Nicholas Goldberg claims to be a supporter of diversity but calls the law requiring California companies to place women on their corporate boards “an unnecessar­y overreach.” He ignores that for years, companies had been pressed to end discrimina­tion against women in the boardroom to no avail.

In 2013, the state Legislatur­e enacted a resolution urging California companies to voluntaril­y add women to their mostly male boards of directors. Three years later the woefully low number of board seats held by women (only 16%) had barely budged.
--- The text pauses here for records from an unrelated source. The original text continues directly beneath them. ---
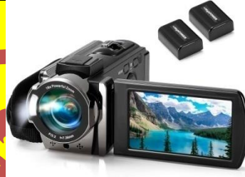
Video Camera كاميرا الفيديو
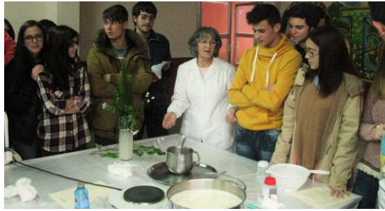
Obradoiro para a elaboración de queixo
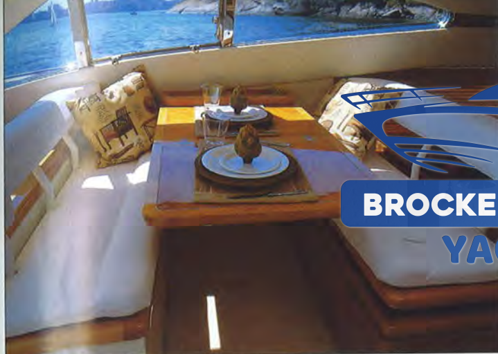
Dinete Tem visão privilegiada a vante e para os bordos

(uma suíte com cama de casal e duas cabines com camas de solteiro que dividem o banheiro de bombordo). O pé-direito nos camarotes é alto (mínimo de 1,99 m) e o material utilizado é de qualidade, com design aprimorado. Tudo na medida, enfim, para proporcionar o repouso necessário para quem passa o dia usufruindo as delícias do mar.
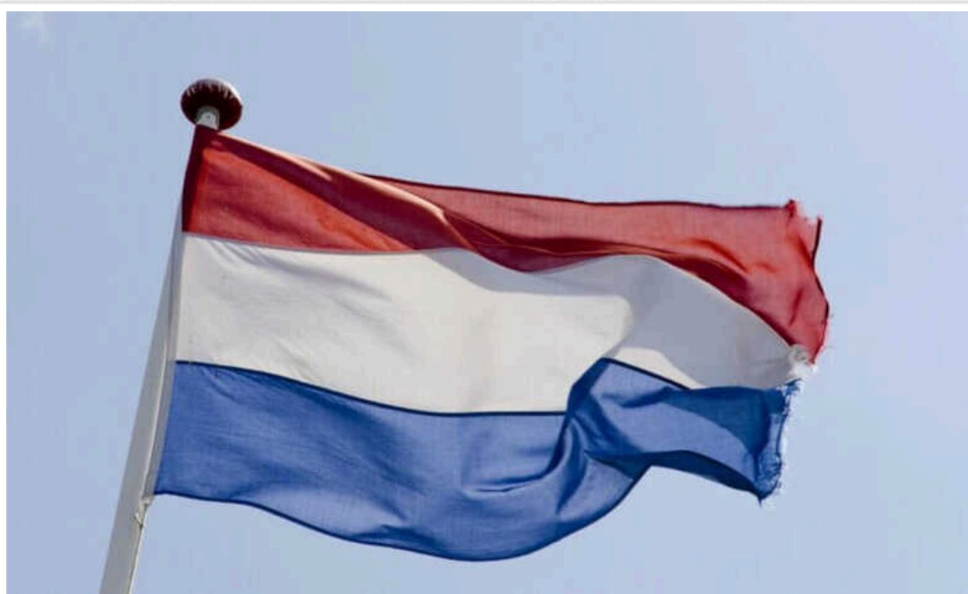
Нідерланди допоможуть Чехії закупити 800 тисяч снарядів для України

Уряд Нідерландів виділяє Україні новий пакет військової допомоги, а також профінансує закупівлю артилерійських снарядів, які знайшла Чехія.
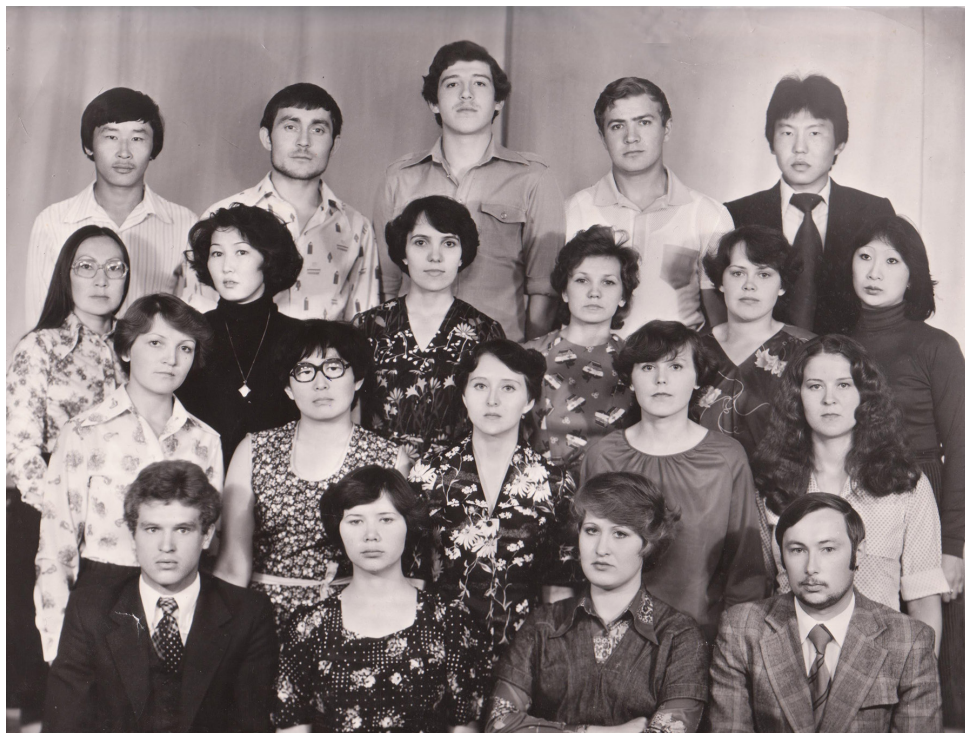
Рис. 3. Студенты 2-го курса ЕГФ (1976)

выделяли милиционера, с которым дружинники ходили по улицам, следили за порядком, посещали неблагополучные семьи.
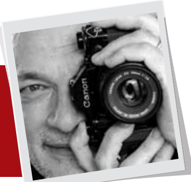
piše+foto: Zoran Lešić

MAŠTAM I SNIMAM SVOJ FOTOGRAFSKI DNEVNIK
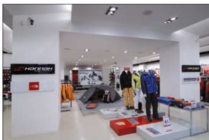
Obr. 4. Svítidla Serie 23 – nepřímé osvětlení v kombinaci se zvýrazňujícím osvětlením (realizace)
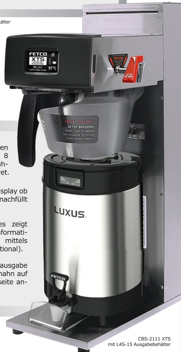
CBS-2111 XTS mit L4S-15 Ausgabebehälter

Die FETCO Filterkaffeemaschine CBS-2111 XTS brüht bis zu 5,7l frischen Filterkaffee direkt in den vacuumisolierten L4S-15 Ausgabebehälter. Ein optional einstellbarer Signalton ertönt am Ende eines jeden Brühvorganges.
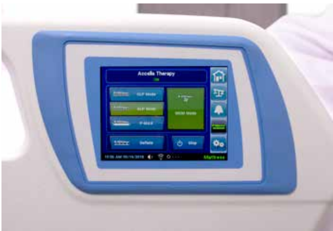
Controles de la superficie integrada Accella Therapy™
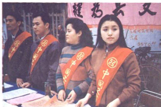
1995年起，向群众宣传人民银行法、 商业银行法、票据法等金融法规
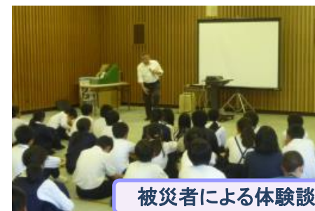
被災者による体験談
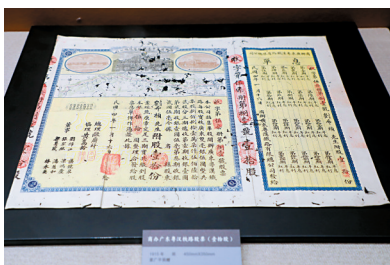
■广东粤汉铁路股票。

广州铁路博物馆的室内展馆内集陈列、收藏、展示、科普、教育于一体,现有藏品2000余件。博物馆分为两个展馆和一个露天展区,占地面积28590平方米。两个展馆都是以前的火车旧货仓,属于广州市历史建筑“粤汉铁路黄沙车站旧址”。一号馆由5个展厅组成,展出广州铁路百年历史。二号馆展出铁路工业遗产和铁路老物件。露天展区主要展示部分机车、车辆、线路、信号等铁路设备。目前博物馆尚未开放,但露天展区已经可以供市民参观和拍照留念。
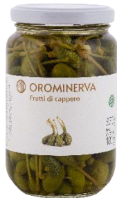
Frutti di capperi 370 g Code CAF01
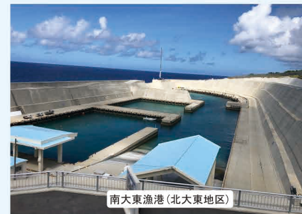
南大東漁港(北大東地区)
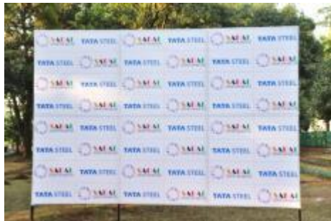
Backdrop [ Inauguration ]
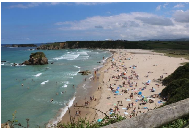
“Playa de Pernarronda”

La giornata, che questa mattina non era delle migliori è diventata bellissima con un sole stupendo. Rientriamo al punto di partenza sulla “ Playa de Arnao ” e andiamo in spiaggia per completare l’abbronzatura. Verso le 18,00 decidiamo di proseguire, ma di poco; infatti pochi chilometri (circa 17) ci dividono dalla magnifica “ Playa de As Catedrais ” ( un'altra tra le 5 spiagge più belle di Galizia, sempre secondo la guida del Touring Club Italiano ). Arriviamo e ci parcheggiamo con il camper nel primo parcheggio, quello più lontano dall’accesso alla spiaggia (circa 700 metri) (GPS= N=43°33'07,80" O=07°09'30,30" m. 25 s.l.m.), in quanto il meno affollato e più in piano rispetto agli altri. In tutti i quattro parcheggi sono ammessi i camper anche per la sosta notturna. Dopo poco si scatena un fortissimo temporale con vento forte. Piove più o meno tutta la notte.

This inaction precipitat­ed the enactment of Senate Bill 826.

The results have been impressive, with women now occupying 32% of board seats in California. More than 2,000 women were named to corporate boards in this state over the last three years.

Overreach? No way. The history leading up to the law proves otherwise. Goldberg says that companies need to be “convinced” that diversity will be good for them, rather than being subjected to a law. Many companies are already committed to having women on boards.

But 26% still need to comply and are unlikely to be “convinced” by anything other than a law.

Betsy Berkhemer-Credaire

Los Angeles The writer is chief executive of the group 50/50 Women on Boards.

Re “A giant step backward for California’s boardrooms,” Opinion, May 22

Robin Abcarian leaves me a little speechless with her column defending corporate board quotas.

Businesses have enough to worry about with inflation, California’s regulation­s and a possible recession just to survive. Now, Abcarian would set their priorities.

That is contrary to just about everything America stands for and a huge violation of basic freedom.

Abcarian calls the law, recently overturned by a Los Angeles County Superior Court judge, a success. Well, a law requiring everyone to wear green on Thursday may be a success by the same logic, but it’s still wrong.

Abcarian implies that having more women on corporate boards is better for business. If that were true, companies that resist would fail, and without any law.

She also claims, “Equal numbers result in equal treatment,” which is nonsense when we see natural diversity throughout society.

Let’s keep ours a free and fair society without so many mini-dictators running around, keeping score and dictating compliance with what they want.